> [Stored data]:
========================================
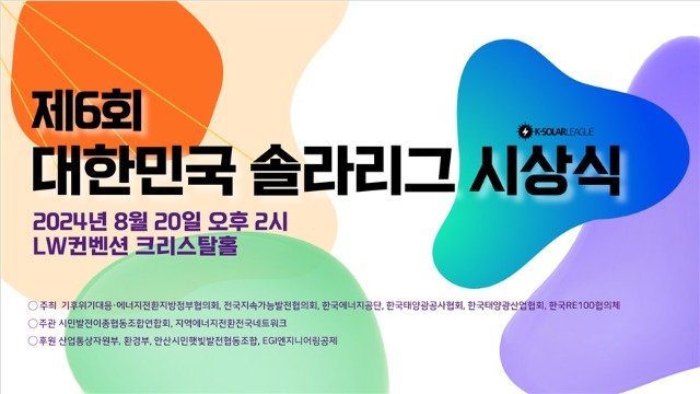 대한민국 솔라리그는 지방정부와 민간 부문에서 태양광 발전 보급 성과를 평가하는 대회로, 지자체보급성과부문, 지자체정책성과부문, 민간부문, 공공부문으로 나뉘어 진행됐다. 이번 대회의 시상식은 오는 8월 20일 서울 중구 LW컨벤션센터에서 열린다.
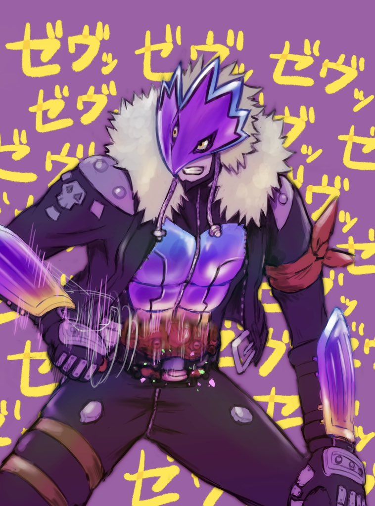 1boy beelzebumon black_background black_jacket blonde_hair cowboy_shot digimon digimon_(creature) fur-trimmed_jacket fur_trim green_eyes henshin_belt_gavv jacket kamen_rider kamen_rider_gavv_(series) male_focus mas_square open_clothes open_jacket purple_background purple_mask short_hair simple_background solo sound_effects third_eye
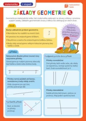Prehľadová tabuľka: Základy geometrie 1. diel pre 1. stupeň základnej školy, v jednej tabuľke, ktorá sa zmestí do každého zošita či notýska.
========================================
Without including any picture, output all the material exactly as it appears.

 대한민국 솔라리그는 지방정부와 민간 부문에서 태양광 발전 보급 성과를 평가하는 대회로, 지자체보급성과부문, 지자체정책성과부문, 민간부문, 공공부문으로 나뉘어 진행됐다. 이번 대회의 시상식은 오는 8월 20일 서울 중구 LW컨벤션센터에서 열린다.
 1boy beelzebumon black_background black_jacket blonde_hair cowboy_shot digimon digimon_(creature) fur-trimmed_jacket fur_trim green_eyes henshin_belt_gavv jacket kamen_rider kamen_rider_gavv_(series) male_focus mas_square open_clothes open_jacket purple_background purple_mask short_hair simple_background solo sound_effects third_eye
Prehľadová tabuľka: Základy geometrie 1. diel pre 1. stupeň základnej školy, v jednej tabuľke, ktorá sa zmestí do každého zošita či notýska.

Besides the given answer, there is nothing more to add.